▶ **What you need to do**: The expected answer is the data below, printed verbatim without its pictures.

Stored items from a collection
%%

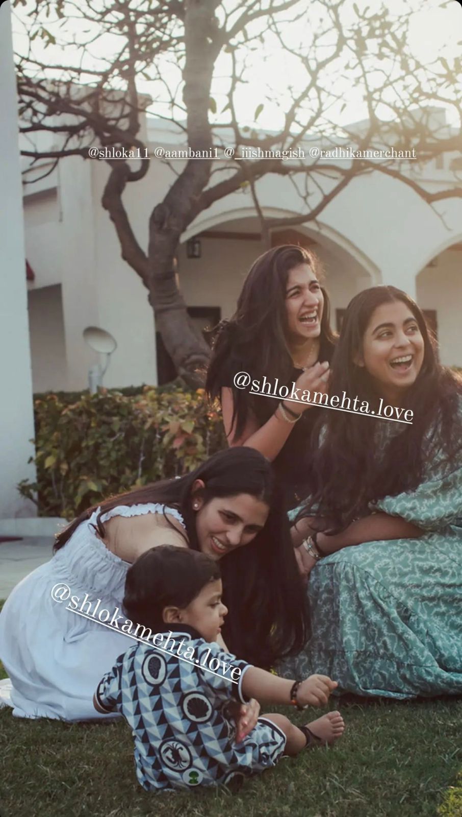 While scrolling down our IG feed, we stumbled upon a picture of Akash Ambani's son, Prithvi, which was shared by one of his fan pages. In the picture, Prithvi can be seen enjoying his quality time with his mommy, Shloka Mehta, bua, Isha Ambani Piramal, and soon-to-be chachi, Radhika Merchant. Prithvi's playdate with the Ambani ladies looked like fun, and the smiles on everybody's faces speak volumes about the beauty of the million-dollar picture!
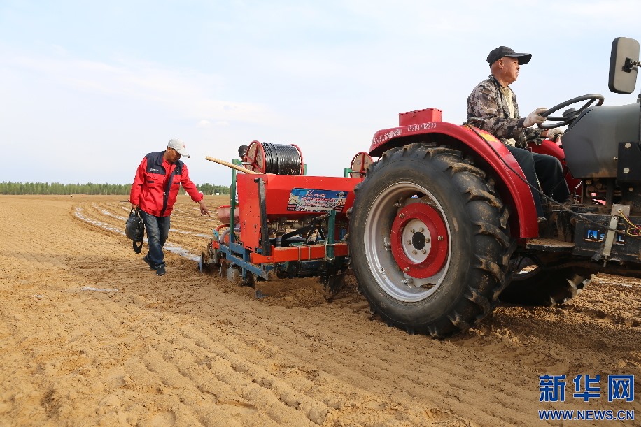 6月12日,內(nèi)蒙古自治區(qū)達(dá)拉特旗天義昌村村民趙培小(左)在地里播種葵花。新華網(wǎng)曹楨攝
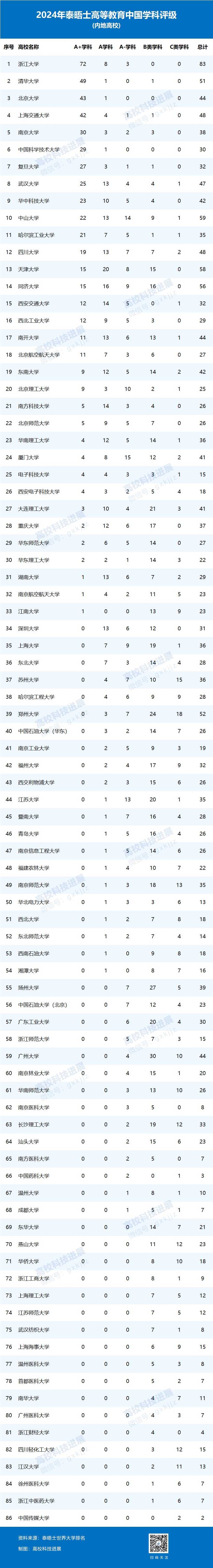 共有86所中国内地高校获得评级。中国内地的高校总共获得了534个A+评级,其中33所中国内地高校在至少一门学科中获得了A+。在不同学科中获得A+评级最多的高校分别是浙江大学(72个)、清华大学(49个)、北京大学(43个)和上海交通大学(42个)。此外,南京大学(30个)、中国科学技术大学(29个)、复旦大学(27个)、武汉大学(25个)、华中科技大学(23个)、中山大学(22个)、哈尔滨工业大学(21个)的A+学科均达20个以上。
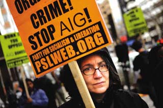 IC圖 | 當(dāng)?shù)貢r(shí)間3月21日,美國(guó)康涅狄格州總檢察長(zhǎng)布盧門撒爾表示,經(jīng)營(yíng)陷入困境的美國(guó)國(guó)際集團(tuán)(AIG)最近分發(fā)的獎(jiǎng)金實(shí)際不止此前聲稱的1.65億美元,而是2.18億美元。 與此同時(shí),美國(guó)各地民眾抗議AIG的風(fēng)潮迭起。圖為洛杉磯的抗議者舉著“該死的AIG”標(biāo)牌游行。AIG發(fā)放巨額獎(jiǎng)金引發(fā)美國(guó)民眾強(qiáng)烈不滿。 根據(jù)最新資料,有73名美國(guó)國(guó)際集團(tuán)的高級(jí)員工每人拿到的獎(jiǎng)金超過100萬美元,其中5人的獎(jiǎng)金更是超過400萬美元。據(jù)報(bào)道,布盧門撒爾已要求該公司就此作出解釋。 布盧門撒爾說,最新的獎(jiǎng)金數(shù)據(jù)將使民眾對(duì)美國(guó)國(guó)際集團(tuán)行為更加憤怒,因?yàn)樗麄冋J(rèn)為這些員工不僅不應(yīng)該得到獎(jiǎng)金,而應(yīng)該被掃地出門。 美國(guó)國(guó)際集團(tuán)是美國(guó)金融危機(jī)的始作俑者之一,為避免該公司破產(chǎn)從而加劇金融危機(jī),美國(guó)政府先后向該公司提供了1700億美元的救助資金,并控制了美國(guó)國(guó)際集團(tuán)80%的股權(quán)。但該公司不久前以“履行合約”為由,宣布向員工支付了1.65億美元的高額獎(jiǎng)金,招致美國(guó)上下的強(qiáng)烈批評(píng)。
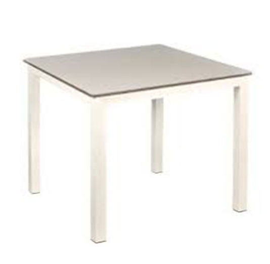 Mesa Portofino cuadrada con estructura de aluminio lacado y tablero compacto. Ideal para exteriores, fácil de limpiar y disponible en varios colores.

%%

▶ **Solution for this task**:
 While scrolling down our IG feed, we stumbled upon a picture of Akash Ambani's son, Prithvi, which was shared by one of his fan pages. In the picture, Prithvi can be seen enjoying his quality time with his mommy, Shloka Mehta, bua, Isha Ambani Piramal, and soon-to-be chachi, Radhika Merchant. Prithvi's playdate with the Ambani ladies looked like fun, and the smiles on everybody's faces speak volumes about the beauty of the million-dollar picture!
 6月12日,內(nèi)蒙古自治區(qū)達(dá)拉特旗天義昌村村民趙培小(左)在地里播種葵花。新華網(wǎng)曹楨攝
 共有86所中国内地高校获得评级。中国内地的高校总共获得了534个A+评级,其中33所中国内地高校在至少一门学科中获得了A+。在不同学科中获得A+评级最多的高校分别是浙江大学(72个)、清华大学(49个)、北京大学(43个)和上海交通大学(42个)。此外,南京大学(30个)、中国科学技术大学(29个)、复旦大学(27个)、武汉大学(25个)、华中科技大学(23个)、中山大学(22个)、哈尔滨工业大学(21个)的A+学科均达20个以上。
 IC圖 | 當(dāng)?shù)貢r(shí)間3月21日,美國(guó)康涅狄格州總檢察長(zhǎng)布盧門撒爾表示,經(jīng)營(yíng)陷入困境的美國(guó)國(guó)際集團(tuán)(AIG)最近分發(fā)的獎(jiǎng)金實(shí)際不止此前聲稱的1.65億美元,而是2.18億美元。 與此同時(shí),美國(guó)各地民眾抗議AIG的風(fēng)潮迭起。圖為洛杉磯的抗議者舉著“該死的AIG”標(biāo)牌游行。AIG發(fā)放巨額獎(jiǎng)金引發(fā)美國(guó)民眾強(qiáng)烈不滿。 根據(jù)最新資料,有73名美國(guó)國(guó)際集團(tuán)的高級(jí)員工每人拿到的獎(jiǎng)金超過100萬美元,其中5人的獎(jiǎng)金更是超過400萬美元。據(jù)報(bào)道,布盧門撒爾已要求該公司就此作出解釋。 布盧門撒爾說,最新的獎(jiǎng)金數(shù)據(jù)將使民眾對(duì)美國(guó)國(guó)際集團(tuán)行為更加憤怒,因?yàn)樗麄冋J(rèn)為這些員工不僅不應(yīng)該得到獎(jiǎng)金,而應(yīng)該被掃地出門。 美國(guó)國(guó)際集團(tuán)是美國(guó)金融危機(jī)的始作俑者之一,為避免該公司破產(chǎn)從而加劇金融危機(jī),美國(guó)政府先后向該公司提供了1700億美元的救助資金,并控制了美國(guó)國(guó)際集團(tuán)80%的股權(quán)。但該公司不久前以“履行合約”為由,宣布向員工支付了1.65億美元的高額獎(jiǎng)金,招致美國(guó)上下的強(qiáng)烈批評(píng)。
 Mesa Portofino cuadrada con estructura de aluminio lacado y tablero compacto. Ideal para exteriores, fácil de limpiar y disponible en varios colores.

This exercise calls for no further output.